PURPOSE: We aimed to assess which of the major risk factors associated with rheumatoid arthritis (RA) severity are also associated with osteoporosis-related phenotypes (OP-RP) in the native population of Kazakhstan. METHODS: Four hundred six RA patients (90.6% females) with 397 controls-unaffected first-degree relatives were recruited. Biochemical factors were recorded, and OP-RP were assessed using QCT scans and ultrasound densitometry (US) of the forearm to estimate cortical indices (CI), spongial bone mineral density (BMDSPN), and US_T-scores. RESULTS: In the RA affected female population, ~ 80% suffered from osteopenia or osteoporosis. All OP-RP were negatively correlated with age and female's sex, as expected, and thus accordingly adjusted, resulting in consistent, significantly [p = 0.016 (CI), p < 0.0001 (both BMDSPN and US_T-scores)] lower OP-RP estimates in affected females. Using multiple regression analysis for OP-RP manifestations, only age and disease duration appeared consistently associated with all three studied phenotypes, while menopause status or years following the onset of menopause were also significant for BMDSPN and US_T-scores. However, when disease duration was examined, we found that it was significantly dependent on morning stiffness, ESR, total cholesterol levels, weight, and menopause status, which explains 38.6% of the disease duration. CONCLUSIONS: Approximately 80% of female RA patients suffer from osteoporosis or osteopenia in the study group, which appears from a young age. RA disease duration is the major risk factor for OP-RP deterioration, especially as assessed by BMDSPNG, and US_T-scores. As a result, all OP-RP demonstrate significantly lower levels in comparison to sex- and age-matched unaffected individuals.

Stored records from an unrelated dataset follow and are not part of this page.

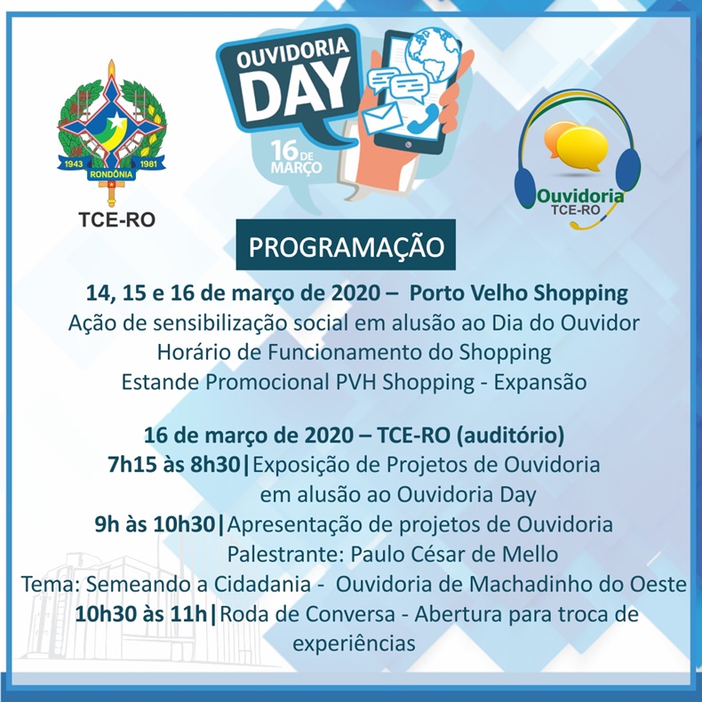 A Ouvidoria do Tribunal de Contas de Rondônia (TCE-RO), com apoio de outras unidades setoriais da instituição, vai realizar o “Ouvidoria Day”, que terá ações no Shopping Porto Velho, nos dias 14 (sábado), 15 (domingo) e 16 (segunda-feira que vem), e um evento no dia 16, no auditório da Corte.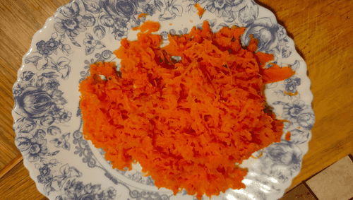 На мелкой терке натереть морковь.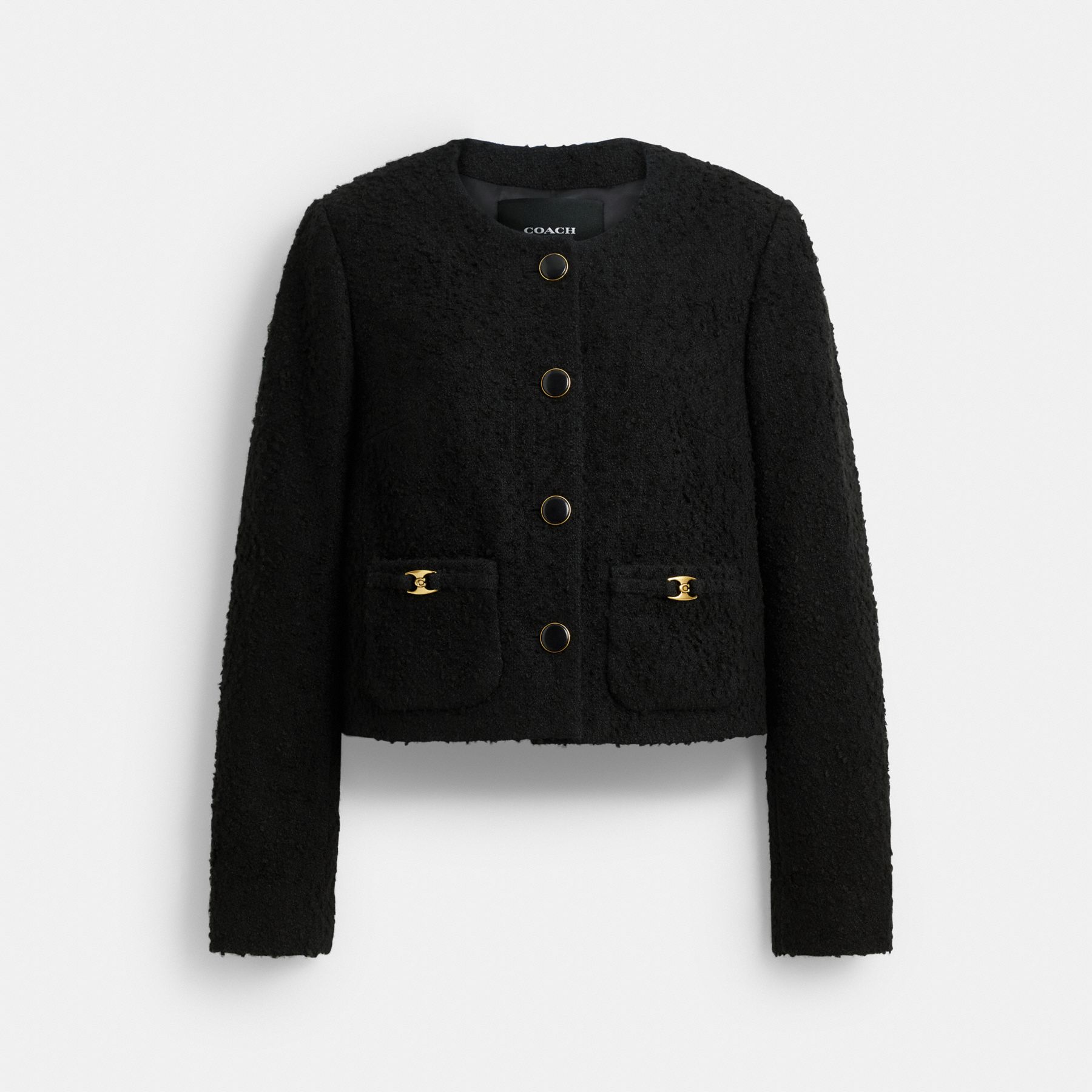 A modern take on a classic style, this jacket features patch pockets detailed with our Heritage C Plaque. Crafted of a lightweight cotton-blend boucle, the collarless design is finished with brass-rimmed buttons.
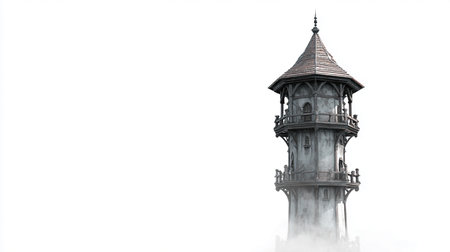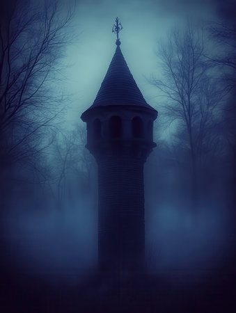 A mysterious stone tower pierces the dense fog of an atmospheric landscape, evoking a sense of abandonment. This eerie image of ancient ruins in a moody environment captures the essence of solitude and desolation. The weathered stone structure, shrouded in mist, creates a dramatic scene with gothic undertones. Ideal for projects exploring themes of fantasy, history, travel, or vintage aesthetics. It is perfect for conveying a mysterious and ominous mood.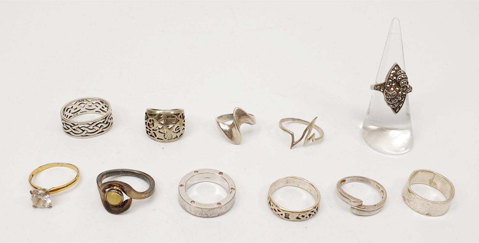 Eleven silver rings, gross weight 47g. UK shipping £14.

Quantitative genetics of circulating Hyaluronic Acid (HA) and its correlation with hand osteoarthritis and obesity-related phenotypes in a community-based sample.

BACKGROUND: One of the potential molecular biomarkers of osteoarthritis (OA) is hyaluronic acid (HA). HA levels may be related to the severity and progression of OA. However, little is known about the contribution of major risk factors for osteoarthritis, e.g. obesity-related phenotypes and genetics to HA variation. AIM: To clarify the quantitative effect of these factors on HA. SUBJECTS AND METHODS: An ethnically homogeneous sample of 911 apparently healthy European-derived individuals, assessed for radiographic hand osteoarthritis (RHOA), HA, leptin, adiponectin, and several anthropometrical measures of obesity-related phenotypes was studied. Model-based quantitative genetic analysis was used to reveal genetic and shared environmental factors affecting the variation of the study's phenotypes. RESULTS: The HA levels significantly correlated with the age, RHOA, adiponectin, obesity-related phenotypes, and the waist-to-hip ratio. The putative genetic effects contributed significantly to the variation of HA (66.2 ± 9.3%) and they were also significant factors in the variations of all the other studied phenotypes, with the heritability estimate ranging between 0.122 ± 4.4% (WHR) and 45.7 ± 2.2% (joint space narrowing). CONCLUSIONS: This is the first study to report heritability estimates of HA variation and its correlation with obesity-related phenotypes, ADP and RHOA. However, the nature of genetic effects on HA and its correlation with other study phenotypes require further clarification.